Tall, grande, or venti? If choosing a size is the most thought you put into your cup of coffee, one Rollins professor challenges you to look deeper. That’s because production and consumption of the ubiquitous beverage involves people working at many levels of a chain of growing, processing, distributing, and selling that connects the developed world with developing countries. And our purchases, whether of coffee or anything else, hold the power to shift the global economy.
Zhaochang Peng, assistant professor of economics
The overarching goal of The Global Economy is to provide students with an overview of the evolution of the global economy—focusing on both historic and geographic dimensions. For the geographic piece, Peng and his students emphasize the relationship between developing and developed countries, and the lens through which the course examines this relationship is coffee.
The first half of the course includes lectures and readings, as well as viewing two films—Black Gold and Connected by Coffee—that reveal the realities of the coffee markets in South America and Africa.
The second half of the course is far more hands-on. Students are divided into teams and assigned one of Downtown Credo’s four coffee shop locations. Each team is then tasked with developing a promotional strategy for its assigned location in collaboration with Downtown Credo staff members.
Downtown Credo is an especially fitting partner due to the vision of company founder Ben Hoyer. The direct-trade shop sources its coffee directly from growers in Guatemala and Nicaragua, then asks its customers to name their price for its products.
“The consumers are stimulated to decide how much to pay, which prompts them to think about what could be a fair cost to produce coffee and transport it to the U.S.,” Peng says. “This makes them responsible for their own consumption behavior.”
For Hoyer, who spoke to Peng’s class and attended final presentations, the lesson has the potential to go even further.

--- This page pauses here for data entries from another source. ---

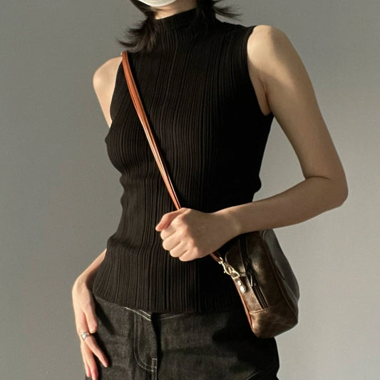 【トップス】ミドルハイネック夏 ニット タンクトップ
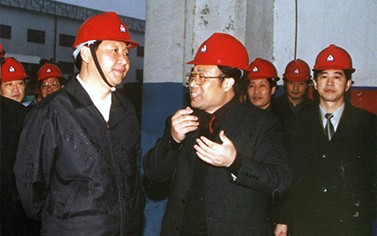 > 2002年12月,時任浙江省委書記習近平考察調研金洲管道生產基地。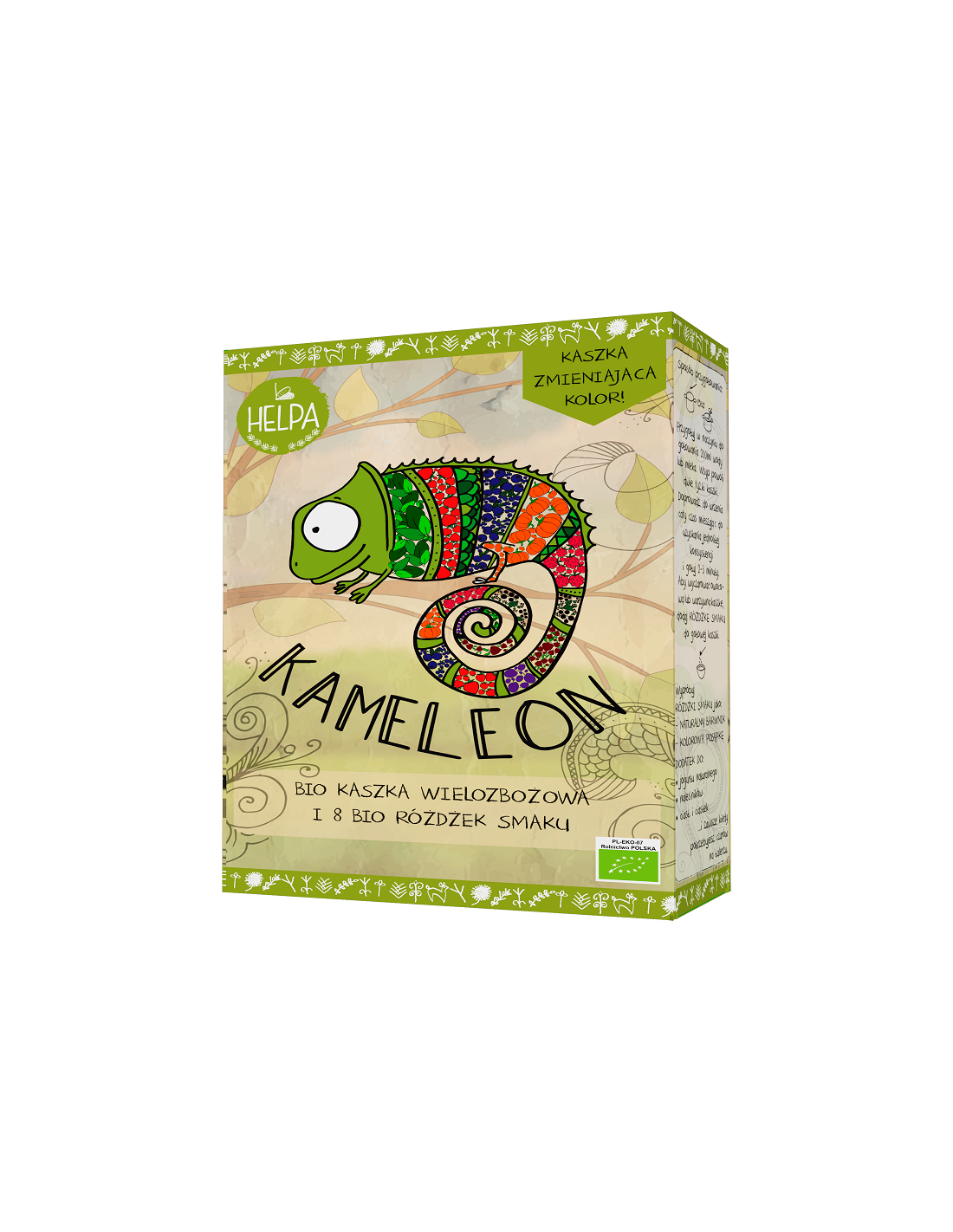 HELPAKameleon to 300 g pysznej kaszki oraz 8 pojedynczych saszetek z liofilizowanymi owocami oraz warzywami. Czaruj w kuchni.

“Asking consumers to be involved in their choices with coffee leads to the possibility that they will ask, ‘What about my clothes, my car, and my food?’” he says. “They might realize that when we buy stuff, we’re a part of all these systems, and we have choices regarding which systems we want to be a part of. Buying a cup of coffee is just one example of how a purchase has the potential to have an impact on the whole world.”
On April 17, the team assigned to Downtown Credo’s Church Street Exchange location conducted the second of two required site visits. Peng and the students partnered with the shop’s lead barista to assess the store’s unique challenges and goals. The group also explored ways the location could become even more profitable, including offering validated parking to address the limited space for cars on-site.

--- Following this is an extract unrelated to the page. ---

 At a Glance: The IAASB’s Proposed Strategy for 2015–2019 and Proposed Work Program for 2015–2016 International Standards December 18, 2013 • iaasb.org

Rebecca Gakwaya ’17, a business major who led the Church Street Exchange team, says that the opportunity to consider every step of the process provided her with an intimate look at the coffee trade.

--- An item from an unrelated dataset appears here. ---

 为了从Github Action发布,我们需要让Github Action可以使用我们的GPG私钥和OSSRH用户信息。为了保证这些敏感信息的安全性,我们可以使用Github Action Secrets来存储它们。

“The owner of Credo explained how he works with farmers directly so that they could actually have a say in the price they are paid,” she says. “And then at Credo, you choose the price you pay to get more involved in the process. In that way, the course made me a better consumer.”
Did You Know?
The division of profit on a global scale isn’t as obvious or transparent as most consumers assume. For starters, several students in the course had never heard of fair trade. Those who were aware of the certification might not have known about the cost associated with it or that the cost precludes many farmers from becoming fair trade certified.
The process known as direct trade—how Hoyer sources his coffee—allows buyers to connect directly with sellers. By cutting out the middlemen, coffee farmers—the sellers in this case—receive a far greater share of the process.
“Most of my students, if not all, didn’t know the difference between coffee workers and coffee farmers,” Peng says. “They thought the coffee farmers directly grew, harvested, and produced the coffee, which isn’t the case. The farmers are the ones who own the farms.”
Meanwhile, the workers—the ones supplying the labor—receive the smallest piece of the pie.
“If you say farmers receive less profit than they deserve, then what about workers?” Peng asks. “They receive even less, and those wages are deplorable.”